В ответ тишина. Стас подумал, что Алена отключилась, но она ответила:
– Сейчас вызову такси и приеду.
Стас осмотрелся. В спальне будто прошел ураган. Обои сорваны со стен и валяются на полу, на бетоне борозды от ногтей в потеках засохшей крови. Сорванное с потолка натяжное полотно свернулось в углу вонючей кучей. Борозды от ногтей остались и на потолке. Стаса снова замутило.
На стене, почти в полуметре от плинтуса, чернели нацарапанные детской рукой буквы: «СТАСИК». Это он сделал надпись перочинным ножом во время ремонта, до того как поклеили обои. Вокруг надписи горели багровые следы поцелуев.
В глазах потемнело от вспыхнувшего в мозгу видения. Мать мажет губы помадой, а затем, стоя на коленях, целует его имя.
Стас будто провалился в пахнущую мертвыми лилиями черноту. Очнулся уже на улице. Бабки накинулись на него с расспросами, пытались узнать, что случилось, а он стоял и не мог понять, как здесь очутился и что происходит. Такие провалы стали случаться с ним после дня рождения Алены. Иногда он вечером ложился спать, а просыпался на улице, стоя в одних трусах на детской площадке. На работе возвращался в кабинет, а оказывался в парке в нескольких километрах от здания администрации. Последний раз его накрыло перед тем, как у начальника случился инфаркт. Вот, старик кричит, что не даром его имя рифмуется с «пидарас», размахивая перед лицом исчерканным письмом в Правительство области. А через секунду Стас стоит в коридоре, а в кабинете суетятся врачи скорой помощи.

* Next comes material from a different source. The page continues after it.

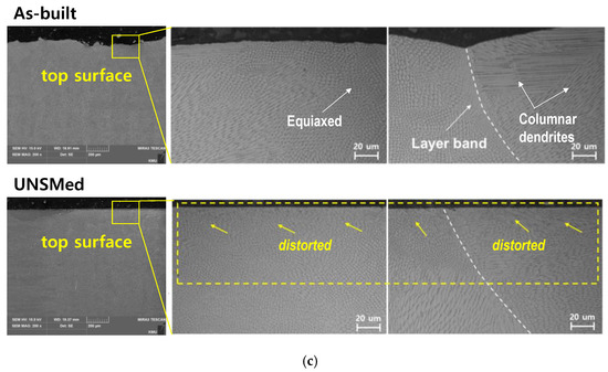 Figure 4c shows a cross-sectional image of the microstructure in the near-surface layer. In the as-build specimen, an equiaxed structure can be observed at the center of the deposited track, with columnar dendrite structures mainly formed on the outer sides (around the layer bands) of the deposited beads. Examination of the locations and orientations of the columnar dendrites reveals differing solidification rates between the center and outer sides of the beads. In addition, the equiaxed structures at the center of the deposited beads are finer than the outer columnar dendrites. The columnar dendrites grow from the outer edge toward the center, which also attests to differing cooling rates between the center and outer sides. Meanwhile, in the UNSMed sample, severe plastic deformation can be observed to occur in the UNSM direction. The high-magnified images show that the microstructures of the UNSM-treated surface are distorted up to a certain depth.
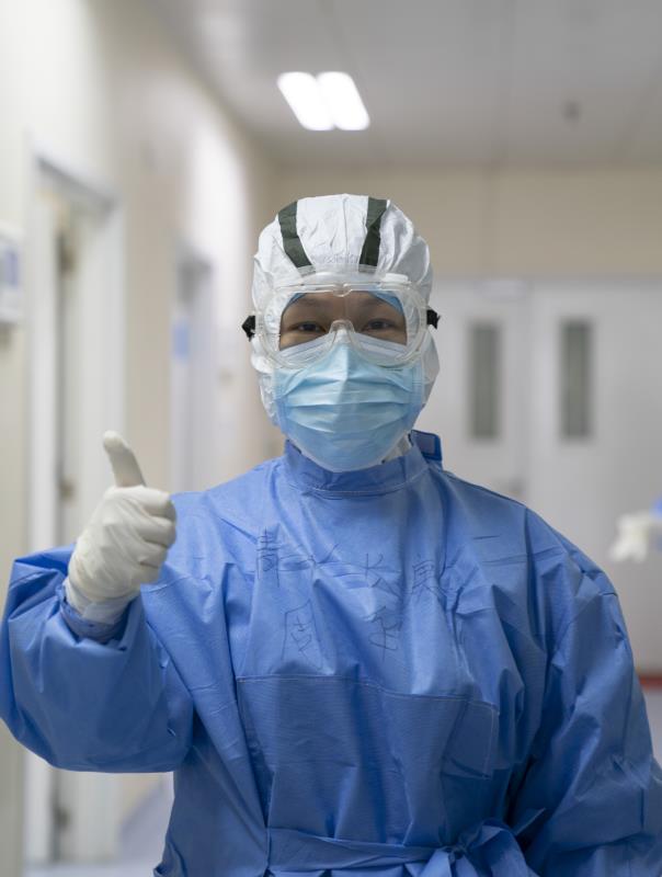 來到武漢已經(jīng)一個(gè)月了,周華坦言自己很想家。老父親因病排尿困難,長(zhǎng)期插著導(dǎo)尿管,平日里都是周華親自給父親更換。如今,照顧年邁的父親和兒子的重任都落在愛人的身上了。同學(xué)、同事聽說她去醫(yī)療隊(duì),紛紛打電話、發(fā)微信告訴她“家里有事找我吧”。和家里人視頻,老父親耳背常聽不清她講話,她就沖著屏幕笑,給老父親豎大拇指,讓他知道自己很好,讓他放心?!拔艺驹诰戎我痪€,是作為一名重癥醫(yī)學(xué)人的責(zé)任與使命,家人的支持讓我放下包袱、蹈險(xiǎn)逆行,后方的支援讓我堅(jiān)定信心、竭力抗疫。疫情不退,我們不撤!”

Придя в себя, он позвонил в полицию, похоронное бюро, отцу, последним набрал номер Зои. Когда он отключился, оставив сестру захлебываться слезами, подъехало такси. Алена вышла из машины, быстро подошла к нему и встала в нескольких шагах. Стас обнял жену, вцепился в напряженное твердое тело, как в спасательный круг. Ему не терпелось рассказать ей, что последними словами, сказанными матери, были: «Люби меня, старая сука!» Словами, брошенными сгоряча, когда мать убеждала его дать сестре денег на покупку машины.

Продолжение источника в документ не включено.